Use of FCS to Study Protein Denaturation and Aggregation

Abstract

Fluorescence Correlation Spectroscopy (FCS) is a powerful technique for studying the diffusive dynamics of fluorophore-tagged biomolecules and thereby drawing inferences about their conformational states and transitions. We have employed FCS to investigate the denaturation and aggregation pathways of bovine immunoglobulin (IgG), a multi-subunit all beta-sheet Y-shaped protein prone to aggregation. Each upper arm of the Y consists of a light and a heavy chain connected by cysteine-shy;cysteine disulphide bonds, and the two heavy chains are joined at the bend by more disulphides.

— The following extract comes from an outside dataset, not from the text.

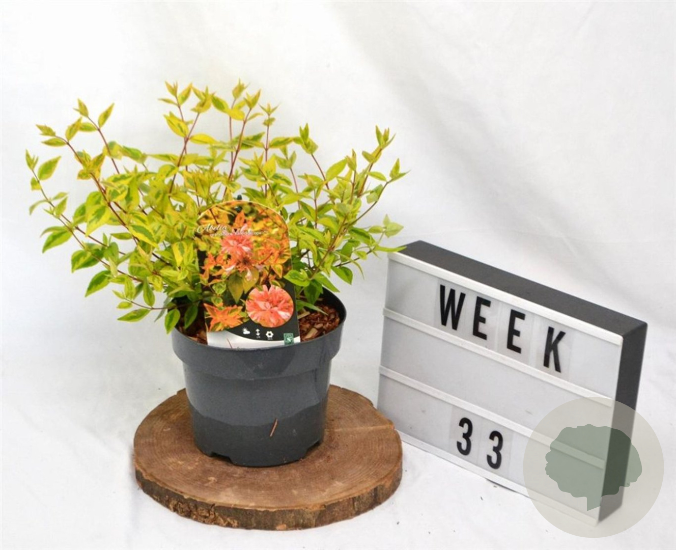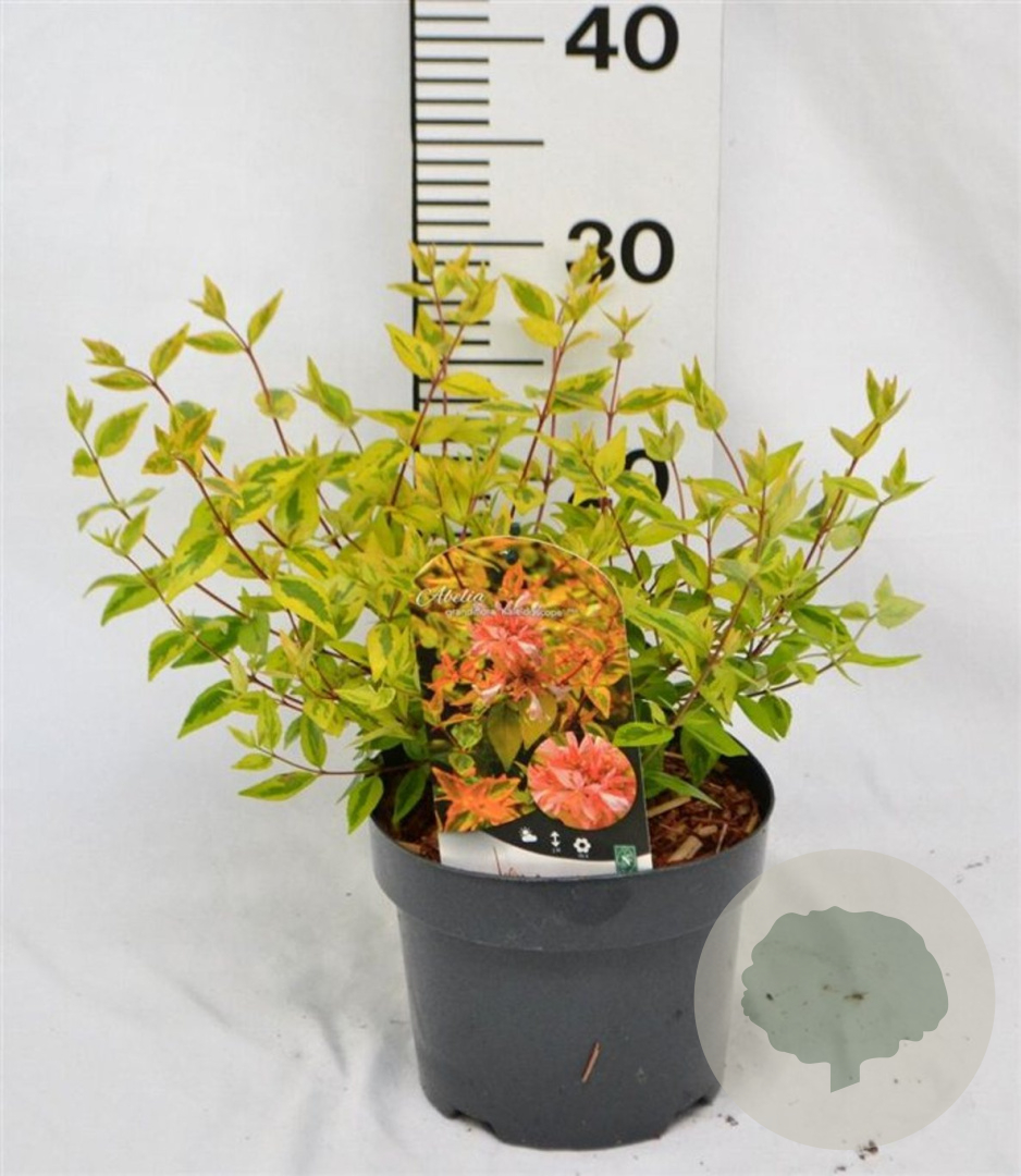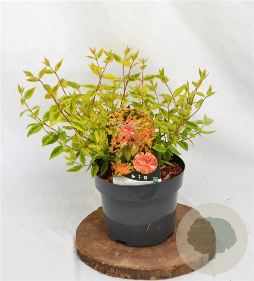 | Toelichting | Abelia is een prachtige heester met roze bloemen en bontgekleurd blad in groen en geel. Bloeit van juni tot september en gedijt goed in zon en halfschaduw op lichte klei, neutrale grond of goede tuingrond. |
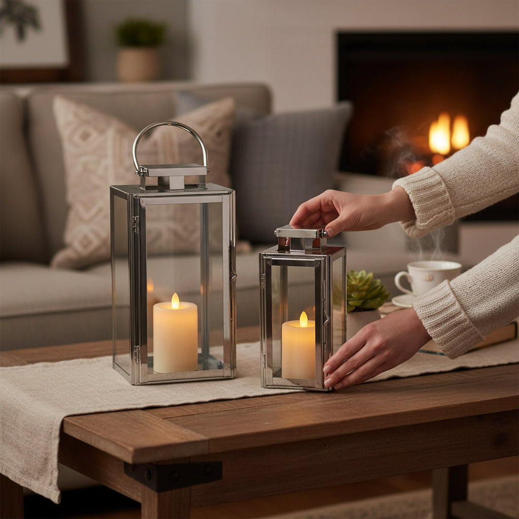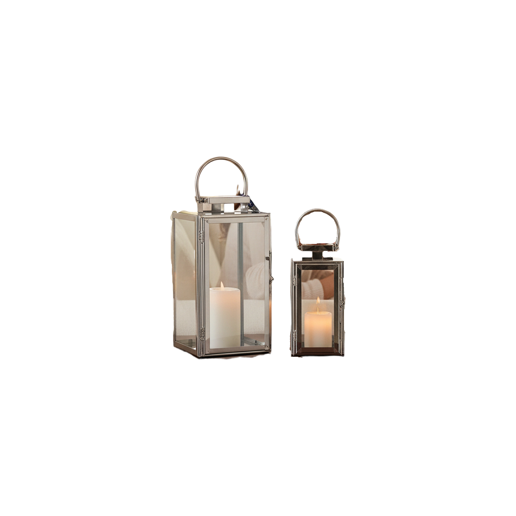 A sleek and modern set of glass lanterns framed in polished stainless steel, designed to bring a touch of contemporary elegance to any space. The clear glass panels allow candlelight to shine through beautifully, creating a warm and inviting ambiance. With sturdy handles for easy placement, these lanterns are perfect for both indoor and outdoor settings, making them ideal for home décor, patios, and special occasions. Available in multiple sizes to suit various styling needs.

While majority of proteins show continuous increase of hydrodynamic radius (Rg) when presented with increasing denaturant concentration, IgG exhibits strikingly different behavior under similar conditions. Its Rg initially decreases with increasing concentration of GdnHCl (from 0 to 3 M) and then goes through two pronounced maxima at 4 M and 7 M [GdnHCl]. We propose that the initial contraction is related to sheet-to-helix transition at the flexible bends of the Y-arms of the protein. The first maximum of Rg is attributed to electrostatic repulsions and their screening by Gdn+ and Cl- ions; the second is shown to arise from disulphide-mediated effects.Previous studies have proposed that IgG aggregation is initiated by intermolecular disulphide bond formation. We studied the aggregation kinetics of IgG by monitoring the time evolution of characteristic diffusion time (τD) under two different conditions: with the cysteine residues free to interact or blocked. The progress curves (τD vs.elapsed time) were sigmoidal in both cases, but the delay time was almost an order of magnitude longer, and the apparent polymerization rate half as fast, for the case where the cysteines were blocked than when they were free. This result indicates that intermolecular disulphide bond formation is a key factor driving the aggregation process of IgG.